== Segment start ==

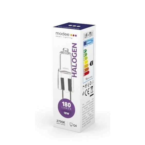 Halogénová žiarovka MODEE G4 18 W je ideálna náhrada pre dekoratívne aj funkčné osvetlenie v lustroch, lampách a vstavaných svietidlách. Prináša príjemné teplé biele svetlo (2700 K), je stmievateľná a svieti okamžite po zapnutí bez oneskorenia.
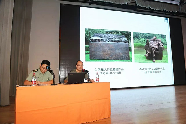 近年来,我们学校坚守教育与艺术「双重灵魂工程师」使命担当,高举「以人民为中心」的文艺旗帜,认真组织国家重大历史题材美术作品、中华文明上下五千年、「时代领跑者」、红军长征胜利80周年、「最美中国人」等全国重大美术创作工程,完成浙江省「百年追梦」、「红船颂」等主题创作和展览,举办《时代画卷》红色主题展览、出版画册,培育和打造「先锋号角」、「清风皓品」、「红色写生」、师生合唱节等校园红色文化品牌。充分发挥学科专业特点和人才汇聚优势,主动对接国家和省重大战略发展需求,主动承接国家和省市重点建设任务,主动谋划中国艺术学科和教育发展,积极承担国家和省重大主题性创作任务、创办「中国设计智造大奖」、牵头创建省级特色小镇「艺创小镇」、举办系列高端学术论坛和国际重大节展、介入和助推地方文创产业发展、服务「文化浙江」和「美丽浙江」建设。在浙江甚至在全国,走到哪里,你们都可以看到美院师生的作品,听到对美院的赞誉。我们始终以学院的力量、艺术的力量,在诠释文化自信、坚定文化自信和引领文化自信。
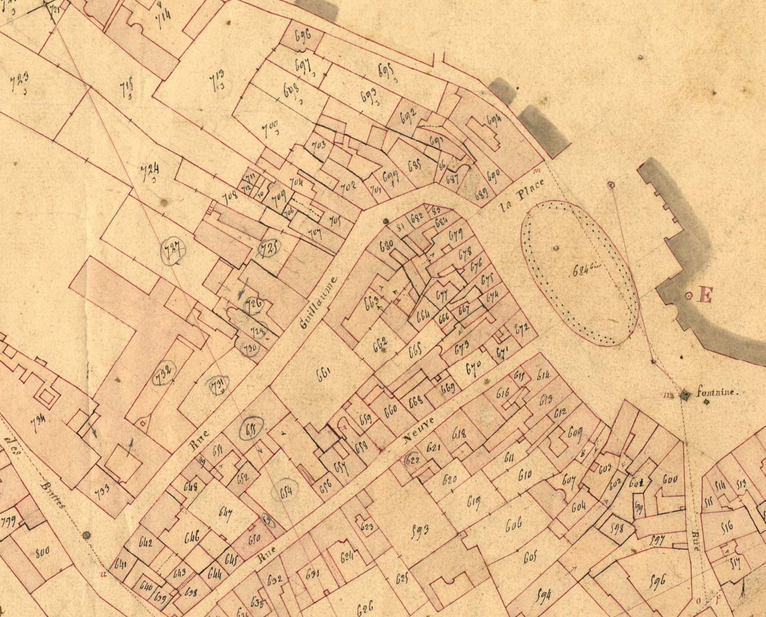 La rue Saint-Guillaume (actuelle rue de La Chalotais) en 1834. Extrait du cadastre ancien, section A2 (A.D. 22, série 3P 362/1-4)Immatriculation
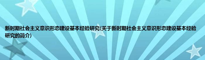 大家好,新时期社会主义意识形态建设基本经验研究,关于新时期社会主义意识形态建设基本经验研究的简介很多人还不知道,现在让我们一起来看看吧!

== Segment end ==

● **ACTIVITY**
Please write out, exactly, every line from the line with "近年来,我们学校坚守教育与艺" through the final line of the data above, leaving out pictures.

● **RESPONSE FOR THIS EXERCISE**
 近年来,我们学校坚守教育与艺术「双重灵魂工程师」使命担当,高举「以人民为中心」的文艺旗帜,认真组织国家重大历史题材美术作品、中华文明上下五千年、「时代领跑者」、红军长征胜利80周年、「最美中国人」等全国重大美术创作工程,完成浙江省「百年追梦」、「红船颂」等主题创作和展览,举办《时代画卷》红色主题展览、出版画册,培育和打造「先锋号角」、「清风皓品」、「红色写生」、师生合唱节等校园红色文化品牌。充分发挥学科专业特点和人才汇聚优势,主动对接国家和省重大战略发展需求,主动承接国家和省市重点建设任务,主动谋划中国艺术学科和教育发展,积极承担国家和省重大主题性创作任务、创办「中国设计智造大奖」、牵头创建省级特色小镇「艺创小镇」、举办系列高端学术论坛和国际重大节展、介入和助推地方文创产业发展、服务「文化浙江」和「美丽浙江」建设。在浙江甚至在全国,走到哪里,你们都可以看到美院师生的作品,听到对美院的赞誉。我们始终以学院的力量、艺术的力量,在诠释文化自信、坚定文化自信和引领文化自信。
 La rue Saint-Guillaume (actuelle rue de La Chalotais) en 1834. Extrait du cadastre ancien, section A2 (A.D. 22, série 3P 362/1-4)Immatriculation
 大家好,新时期社会主义意识形态建设基本经验研究,关于新时期社会主义意识形态建设基本经验研究的简介很多人还不知道,现在让我们一起来看看吧!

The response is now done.